Si bien el término “guapo” alude a personas bonitas, otras bravuconas, en nuestro país su uso cotidiano apunta para describir a aquellos hombres groseros, altaneros, unos capaces de pelear y participar en reyertas y desafíos saldados, y otros que se “chorrean” al primer grito.
Sobre este último concepto acabo de leer un artículo lleno de humor, en la forma como fue descrito en esta sección de opinión de “El Impulso” digital, por la consecuente señora Carolina Jaimes Branger, titulado “El guapetón de barrio”.
Cuenta que conoció a uno porque era cercano a su familia a quien describió como arrogante, soberbio, sobrado: “Sentía que era todopoderoso, que podía controlar a quien fuera y lo que fuera. Creía que sus deseos eran órdenes y que su palabra era ley”.

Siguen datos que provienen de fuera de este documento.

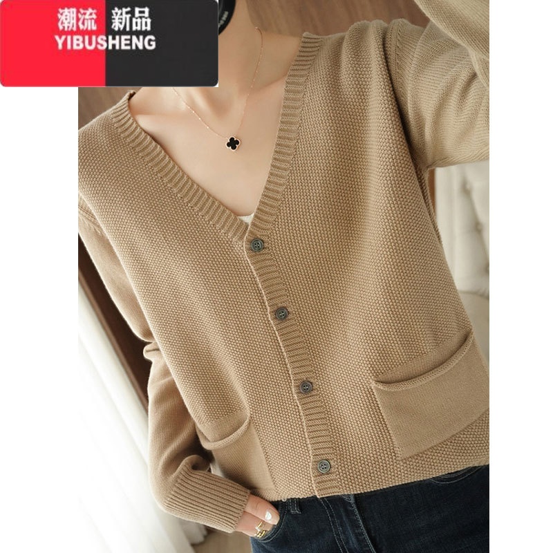 YIBUSHENG复古文艺风开衫女V领宽松短款外套针织长袖气质轻熟毛衣 卡其色 2XL建议130-145斤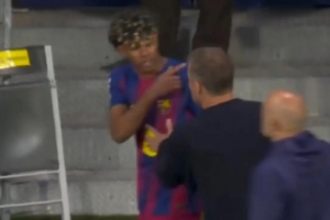巴萨与马竞比赛的最后阶段,莱万多夫斯基在最后时刻的进球让巴萨球员们欣喜若狂。然而亚马尔在队友进球的那一刻并没有流露出那种喜悦,而且,正如DAZN平台的画面所示,他带着相当明显的怒气离开了球场,不知在懊恼什么,甚至是在球员通道里遇到弗里克时也是如此,最后是门将教练何塞·德拉富恩特陪他走入了通道内部。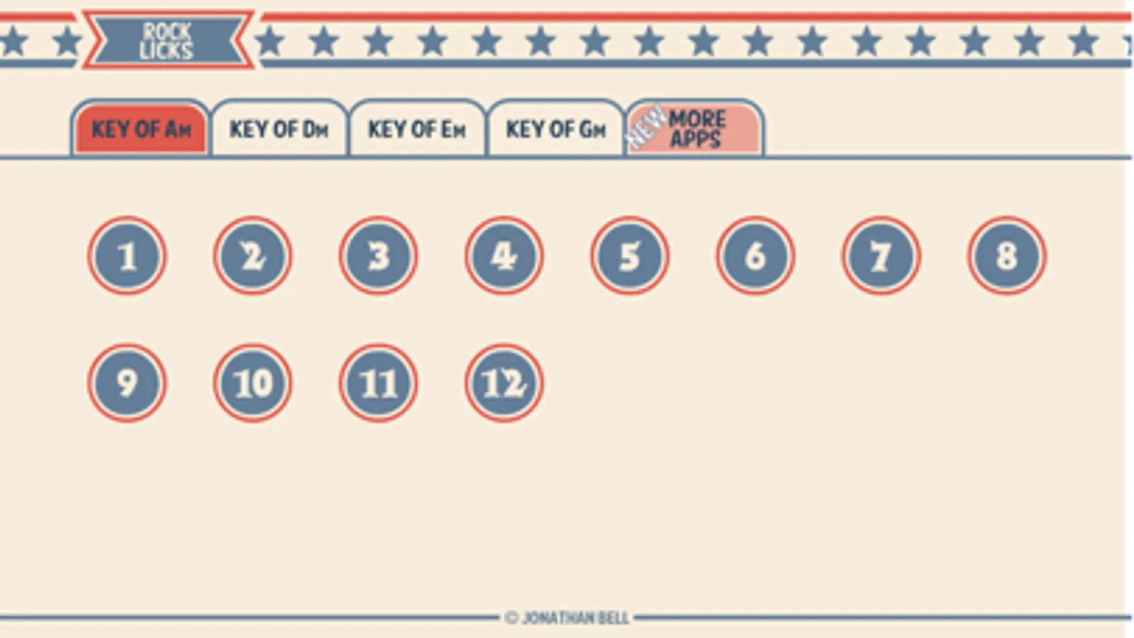 ● The licks are organised into the 4 most common rock guitar keys Am, Dm, Em and Gm.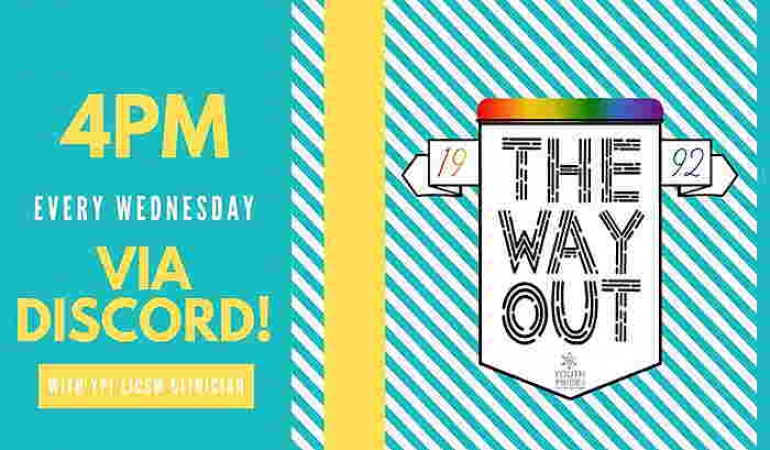 Each Wednesday at 4pm, Youth Pride, Inc. will be hosting The Way Out via our Discord server! For access to the server, email Dev@youthprideri.org.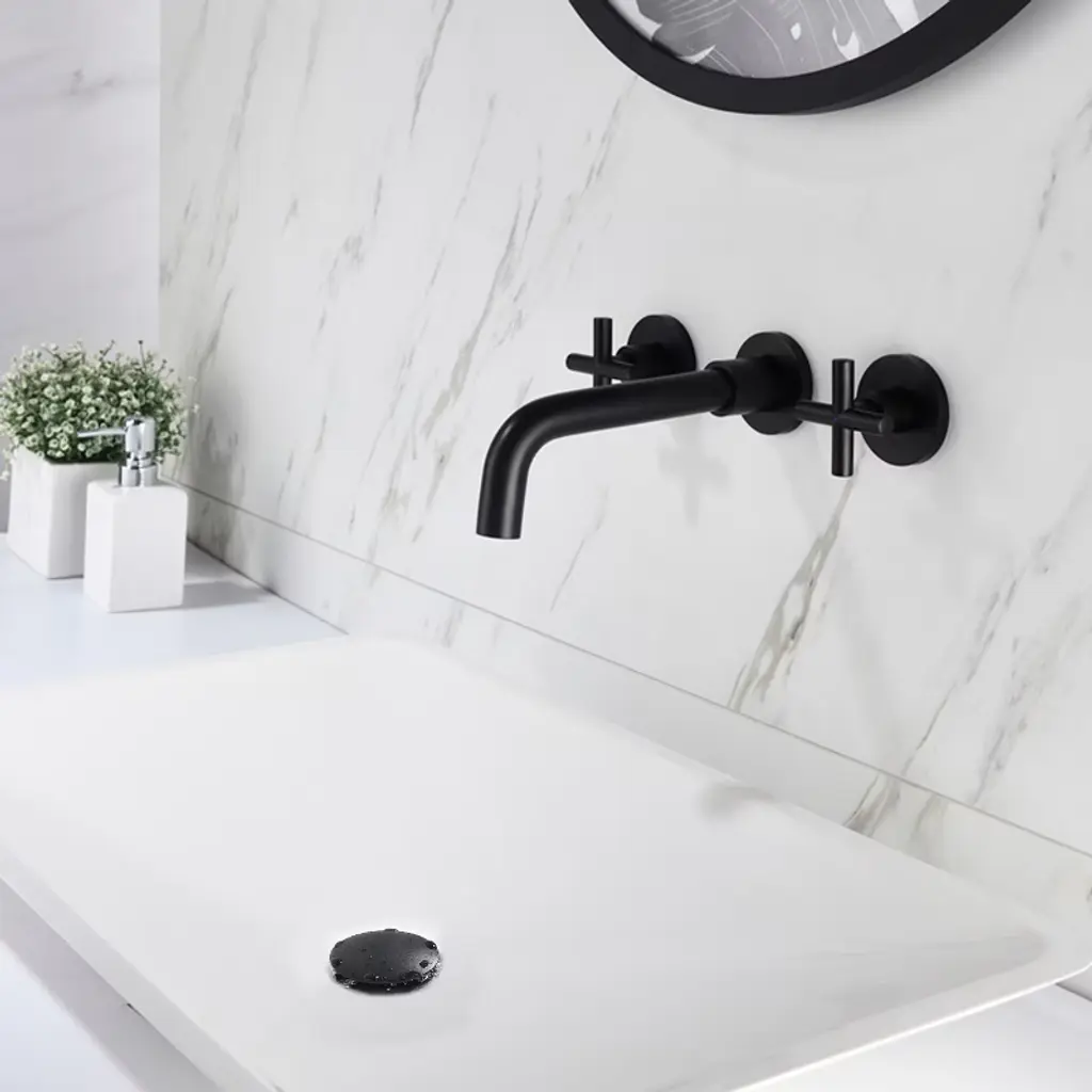 Elevate your bathroom with the Gulches Wall Mounted Dual Handle Bathroom Sink Faucet. Featuring a timeless cross-shaped design, this faucet allows for precise control over water flow and temperature. High-quality aerators ensure a smooth, splash-free water flow, while the durable construction resists corrosion and rust. The easy-to-use pop-up drain is designed to prevent leaks and simplifies installation. Ideal for sinks without overflow holes, this faucet combines classic style with modern functionality.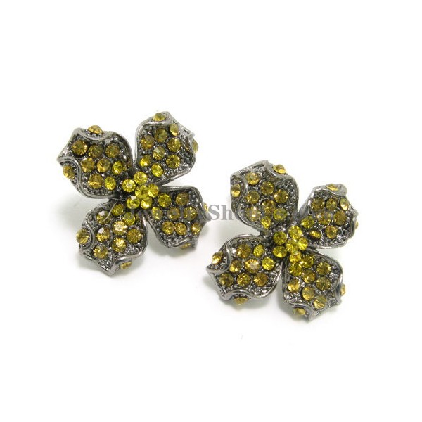 Elegant Alloy Flower Earrings with Yellow Rhinestones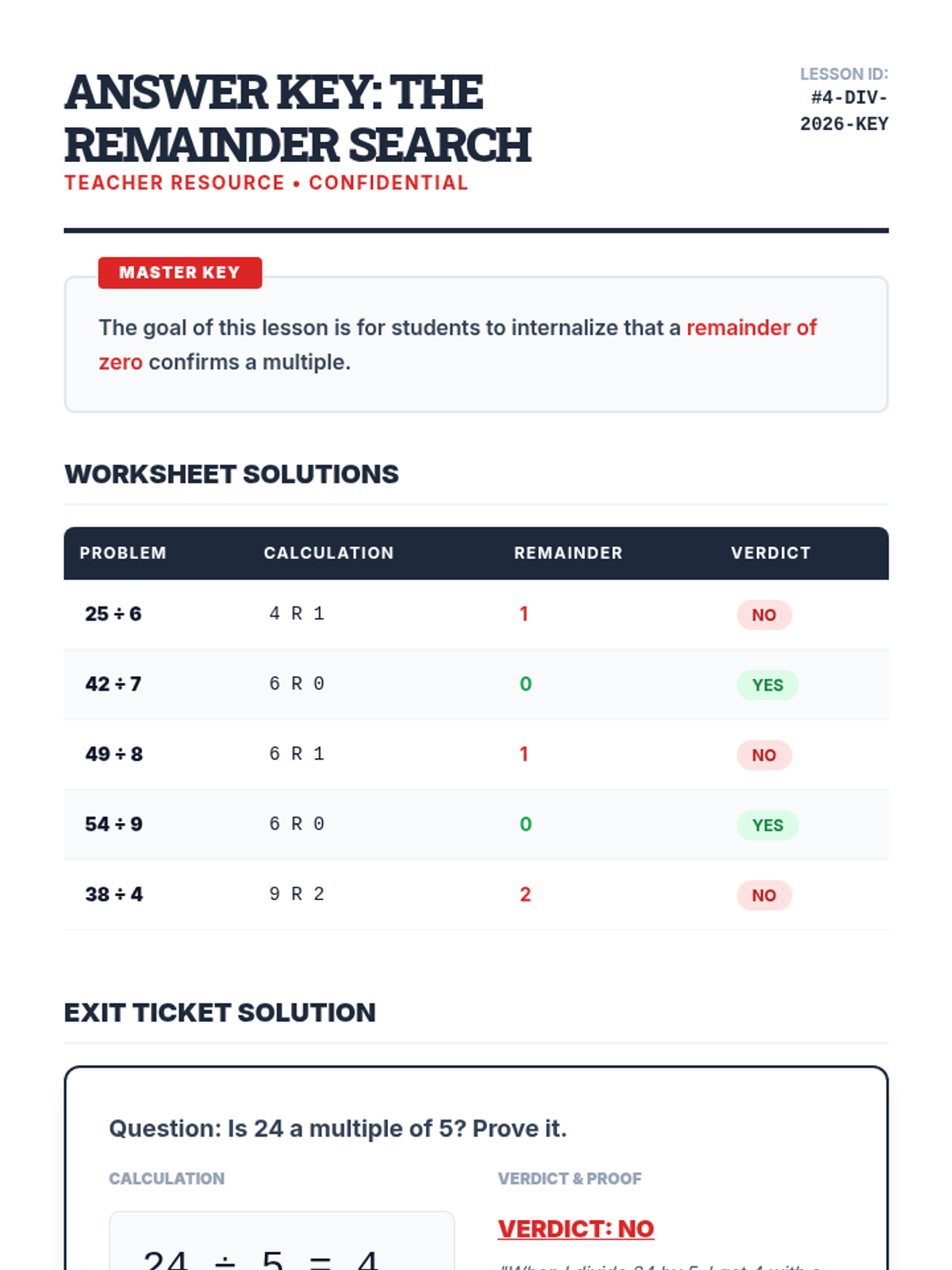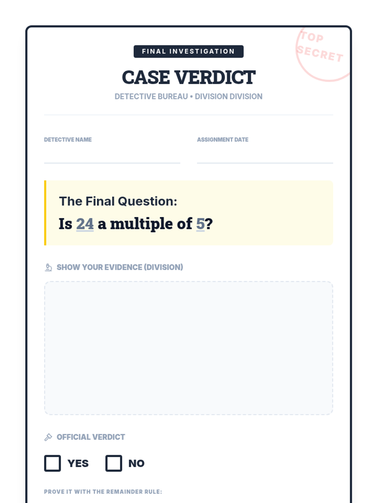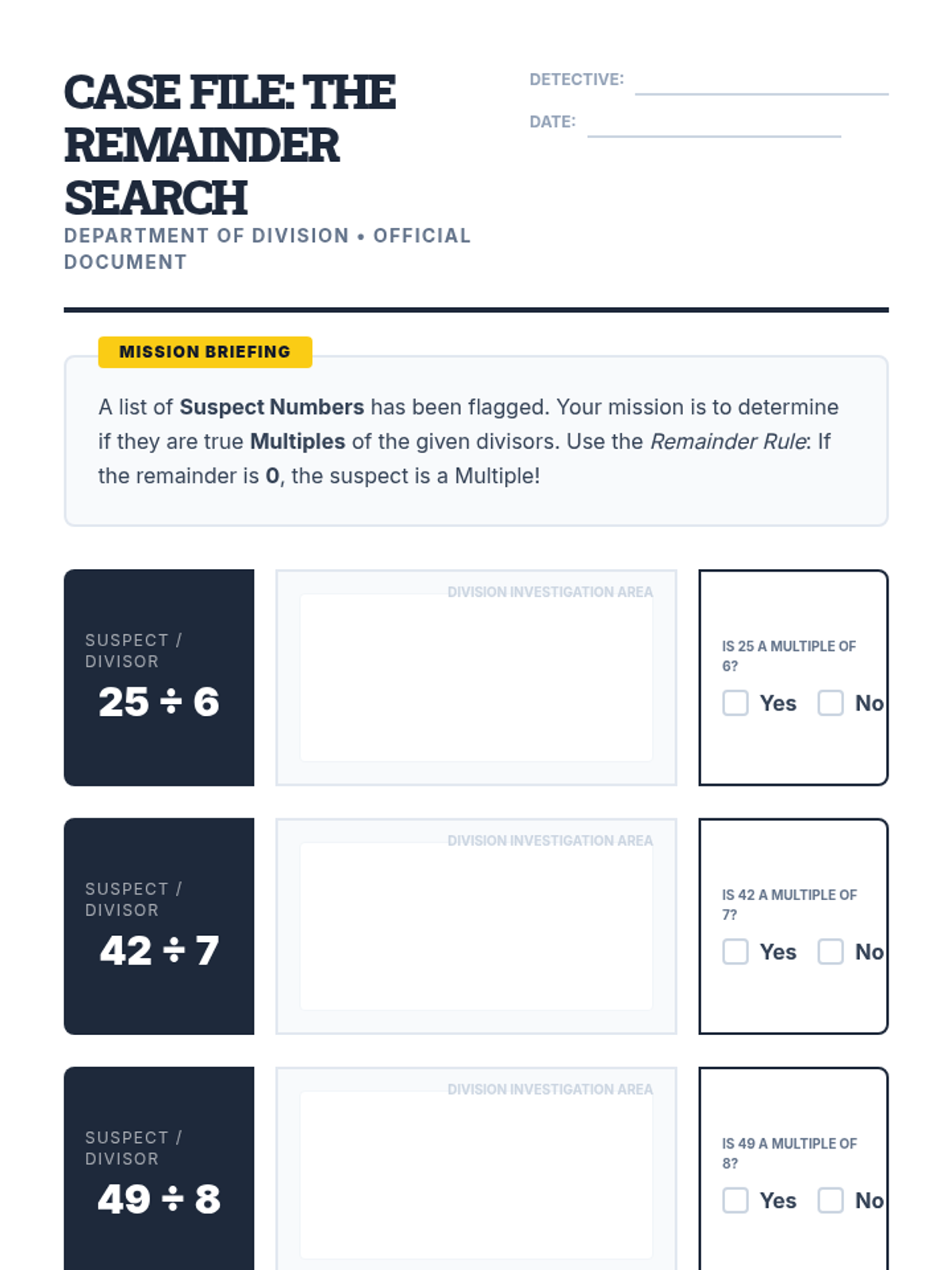 Students become 'Remainder Detectives' as they use division to investigate whether two-digit numbers are multiples of one-digit divisors by looking for remainders.

Luego de un amplio recuento sobre su personalidad soberbia y humillante, culmina la historia con un final que tonifica: Un gocho puso fin a sus altanerías cuando le colocó un revólver en el pecho y lo hizo hacer “pupú” que de “guapo” lo convirtió en cobarde.
Tan pegajosa nota trajo a mi mente la historia de un hombre de parecidas características que existió en San Cristóbal, mi tierra natal, hace 56 años, (tenía yo 8 años), en 1966.
Para complemento era corpulento, de 1 metro 90 aproximadamente, de voz recia, gritón y abogado, cuando eran pocos los profesionales del derecho y sus actuaciones metían miedo.
Este señor, de nombre Caracciolo, como lo recuerdo, tenía un negocio de víveres al mayor y surtía bodegas en la ciudad y algunos pueblos circunvecinos. Su regla comercial era entregar la mercancía y cobrar un mes después mediante letras de cambio, cuando existían.
Pero se convirtió en un azote por su tamaño y profesión tiempo después, porque entregaba los productos y a la fecha de vencimiento del pago demoraba un mes o más para su cobro, para que bajo la excusa del incumplimiento, procediera, sin dar oportunidades de defensa, al embargo de las modestas tiendas, dejando en la ruina a sus humildes propietarios.
A su alrededor se fueron entrelazando cantidad de enemigos que se la juraron, pero antes de que se cumpliera una de las amenazas, un día sábado fue a disfrutar en su granja a las afueras de la ciudad, y en pleno verdor de la sabana, reclinado a un árbol, un loco furioso escapado del manicomio lo decapitó de un machetazo.
Es que a cada cochino le llega su sábado, parafrasea en su vocablo popular la señora Branger al final de su artículo del día lunes 21 de noviembre, el cual convocó a leer plenamente.
A muchos dictadores también les ha llegado su sábado.